If you like action-adventure, check out the Genesis 32 account of Jacob's Jabbok River wrestling match. Jacob is camped out and stressed out, awaiting a potentially dangerous confrontation with his estranged brother. His worries are interrupted when a stranger jumps him in the darkness. By morning, Jacob realizes he's spent the night wrestling God; somehow he manages to limp away blessed. In the process, he learns that God is more than willing to be grappled with, and that holding on for dear life is the way to go.
It's amazing—and sobering—to realize that Jacob has the strength to resist God. It isn't until the angel of the Lord dislocates Jacob's hip that Jacob surrenders and requests what he's really been fighting for—a blessing. My husband, a wrestling coach, tells me the hip is the wrestler's pivot point, the core of his strength.

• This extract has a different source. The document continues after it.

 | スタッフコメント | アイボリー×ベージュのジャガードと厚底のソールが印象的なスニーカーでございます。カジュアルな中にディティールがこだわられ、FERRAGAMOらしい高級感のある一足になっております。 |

God can't give Jacob the blessing he desperately needs until he incapacitates him at the center of his human power. Frederick Buechner calls Jacob's resounding loss The Magnificent Defeat.
There's something familiar about Jacob's story.

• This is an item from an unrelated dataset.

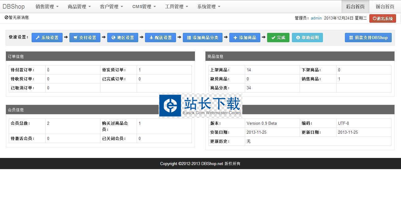 DSShop单用户TP5框架B2C开源商城源码 最新版33.31MB102人下载 DSShop商城系统是一套完善的B2C(单用户商城)解决方案。系统pc端后台使用国内优秀开源框架THinkPHP,基于PHP+MySQL开发,采用B/S架构,wap端使用vue.js构造,依据6年电商经验打造出的一套开源的B2C电子商务系统。

I'm a singer and songwriter. I recognize that such a vocation is more fun and fulfilling than anyone deserves, and I've spent most of my professional life grinning at my good fortune. But last year, I found myself in the midst of a tour feeling miserable. My own company was handling many of the details, and every night I took the stage consumed with logistics. I've always loved the fact that performing forces me to be in the moment, but this tour I was definitely somewhere else. I'd find myself disoriented in the middle of a song, unsure whether I'd already sung the second verse. Something was wrong.